On Sunday August 3, [email protected] wrote:
> On Sun, Aug 3, 2008 at 7:56 AM, Neil Brown <[email protected]> wrote:
> > On Saturday August 2, [email protected] wrote:
> >>
> >> Though really I can't see any great objection to just moving xfs's hack
> >> up into nfsd. It may not do everything, but it seems like an
> >> incremental improvement.
> >
> > Because it is a hack, and hacks have a tendency to hide deeper
> > problems, and not be ever get cleaned up and generally to become a
> > burden to future generations.
>
> Agreed that maintainability is an important concern.
>
> However, I don't see that what David suggests in general is hiding a
> deeper problem, but is rather exposing it. Can you explain what you
> think is the issue?
The locking bothers me.
The VFS seems to have a general policy of doing the locking itself to
make life easier for filesystem implementors (or to make it harder for
them to mess up, depending on your perspective).
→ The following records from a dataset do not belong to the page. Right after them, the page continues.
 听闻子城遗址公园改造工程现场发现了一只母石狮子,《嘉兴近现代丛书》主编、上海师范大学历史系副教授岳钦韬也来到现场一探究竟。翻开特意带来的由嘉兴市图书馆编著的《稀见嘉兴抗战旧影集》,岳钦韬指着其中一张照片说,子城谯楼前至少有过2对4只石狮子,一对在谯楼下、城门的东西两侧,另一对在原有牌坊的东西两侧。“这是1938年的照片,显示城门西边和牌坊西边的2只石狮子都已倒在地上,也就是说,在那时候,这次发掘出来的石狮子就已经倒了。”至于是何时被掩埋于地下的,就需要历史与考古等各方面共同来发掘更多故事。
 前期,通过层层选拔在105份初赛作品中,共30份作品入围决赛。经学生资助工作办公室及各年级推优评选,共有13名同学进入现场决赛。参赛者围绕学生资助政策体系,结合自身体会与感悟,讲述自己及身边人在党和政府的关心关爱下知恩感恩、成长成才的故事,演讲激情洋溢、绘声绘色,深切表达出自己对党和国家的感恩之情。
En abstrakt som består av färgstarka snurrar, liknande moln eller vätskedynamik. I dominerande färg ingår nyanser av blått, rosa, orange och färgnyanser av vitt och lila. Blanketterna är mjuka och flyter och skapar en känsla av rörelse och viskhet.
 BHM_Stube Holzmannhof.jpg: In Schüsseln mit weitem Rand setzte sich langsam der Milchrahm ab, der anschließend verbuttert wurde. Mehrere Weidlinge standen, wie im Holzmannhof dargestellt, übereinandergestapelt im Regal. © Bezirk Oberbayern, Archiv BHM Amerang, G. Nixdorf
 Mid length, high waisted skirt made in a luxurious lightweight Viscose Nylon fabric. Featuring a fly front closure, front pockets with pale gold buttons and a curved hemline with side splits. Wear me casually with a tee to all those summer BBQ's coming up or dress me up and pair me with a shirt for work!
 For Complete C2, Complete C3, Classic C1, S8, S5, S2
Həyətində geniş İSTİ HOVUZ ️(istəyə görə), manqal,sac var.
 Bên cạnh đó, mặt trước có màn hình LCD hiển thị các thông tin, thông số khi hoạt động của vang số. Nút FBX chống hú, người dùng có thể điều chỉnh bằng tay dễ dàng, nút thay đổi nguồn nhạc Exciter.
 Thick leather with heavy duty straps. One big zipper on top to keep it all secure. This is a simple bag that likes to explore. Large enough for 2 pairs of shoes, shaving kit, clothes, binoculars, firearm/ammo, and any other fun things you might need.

The current issue seems to suggest that the locking provided by the
VFS is no longer adequate, so each filesystem is needing to create
something itself. That suggests to me a weakness in the model.
Possibly the VFS should give up trying to be in control and let
filesystems do their own locking. Possibly there are still things
that the VFS can do which are universally good. I think these are
questions that should be addressed.
Maybe they have already been addressed and I missed the conversation
(that wouldn't surprise me much). But seeing words like "hack"
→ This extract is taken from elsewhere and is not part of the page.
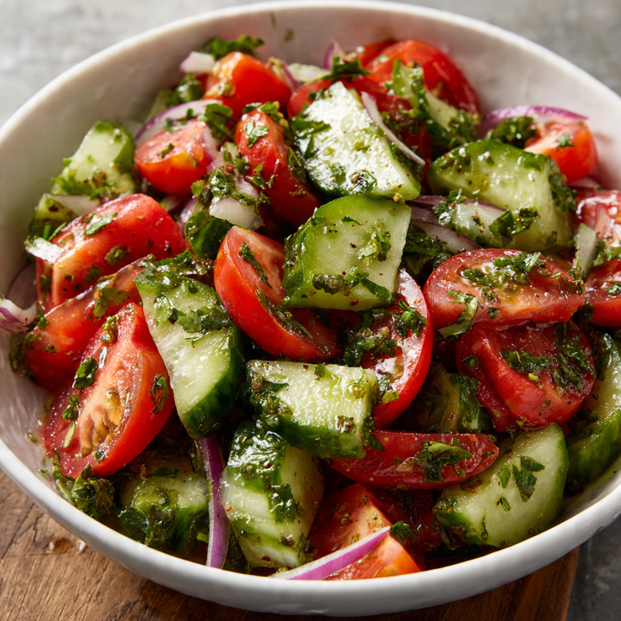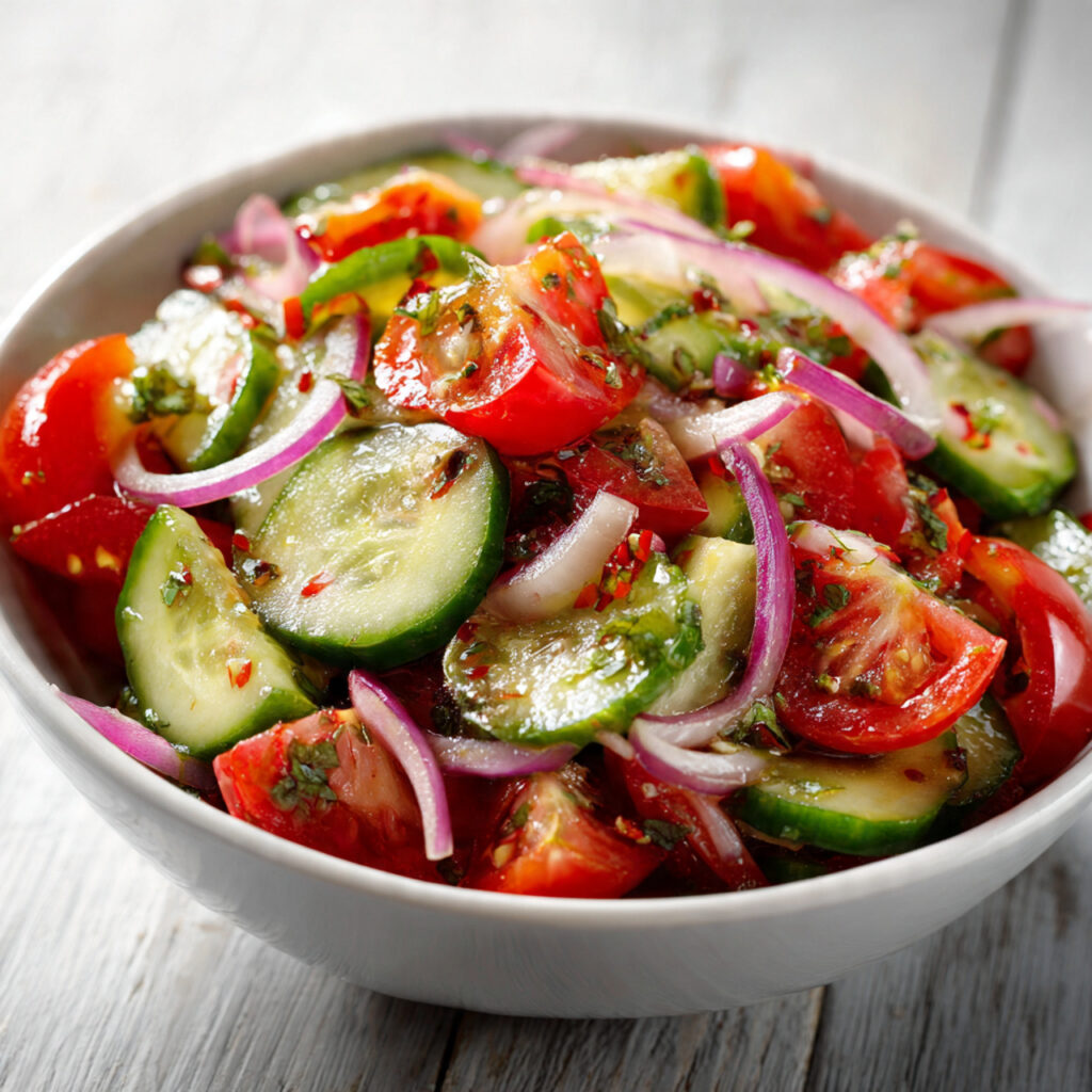 What makes cucumber tomato salad so special is its balance of flavors and textures. The crisp crunch of cucumber, the juicy burst of tomato, and the gentle tang of dressing create a dish that feels both comforting and refreshing at the same time.

suggests to me that it hasn't. So I want to make sure I understand
the problem properly and deeply before giving my blessing to a hack.
So: what are the issues?
Obviously readdir can race with create and you don't want them
tripping each other up. The current VFS approach to this is i_mutex.
Any place which modifies a directory or does a lookup in a directory
takes i_mutex to ensure that the directory doesn't change.
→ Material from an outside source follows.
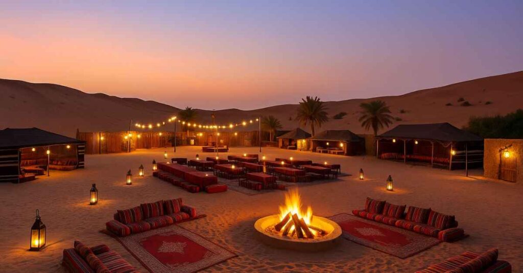 Enjoy Desert Adventures at Bedouin Oasis Camp. The camp is in the beautiful Ras Al Khaimah desert. It offers fun and exciting outdoor activities. Visitors can try camel riding, dune bashing, and sandboarding. They can also enjoy traditional Bedouin food and watch folk dances around the campfire. The camp shows the beauty of desert life and Arab culture.
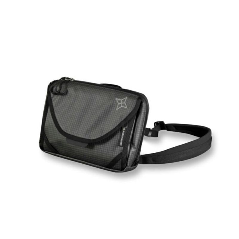 独自設計のアルミフックは、グローブをしていても扱いやすい様、ゲートの開閉のしやすさを考慮しています。Gフックを、ザックのリングやストラップに掛けることでチェストバッグとして使えます。

This is probably fairly limiting. With a tree-structured directory
you only really need to lock the 'current node' of the tree.
So any access would lock the top node, find which child to follow,
then lock the child and unlock the parent. Rebalancing might need to
be creative as you cannot lock a parent while holding a lock on the
child, but that isn't insurmountable.
So I could argue that holding i_mutex across a lookup or create or
readdir maybe isn't ideal. It would be interesting to explore the
possibility of dropping i_mutex across calls into the filesystem.
By the time the filesystem is called, we really only need to be
locking the names (dentries) rather than the whole directory.
More on this later...
Some filesystems want to restructure directories and times that are
independent of any particular access. This might be defragmentation
or rebalancing or whatever. Clearly there needs to be mutual
exclusion between this and other accesses such as readdir and lookup.
The VFS clearly cannot help with this. It doesn't know when
rebalancing might happen or are what sort of granularity. So the
filesystem must do it's own locking.
It strikes me that this sort of locking would best be done by
spinlocks at the block level rather than a per-inode mutex. However
I haven't actually implemented this (yet) so I cannot be certain.
This is what is causing the current problem (for JFFS2 at least).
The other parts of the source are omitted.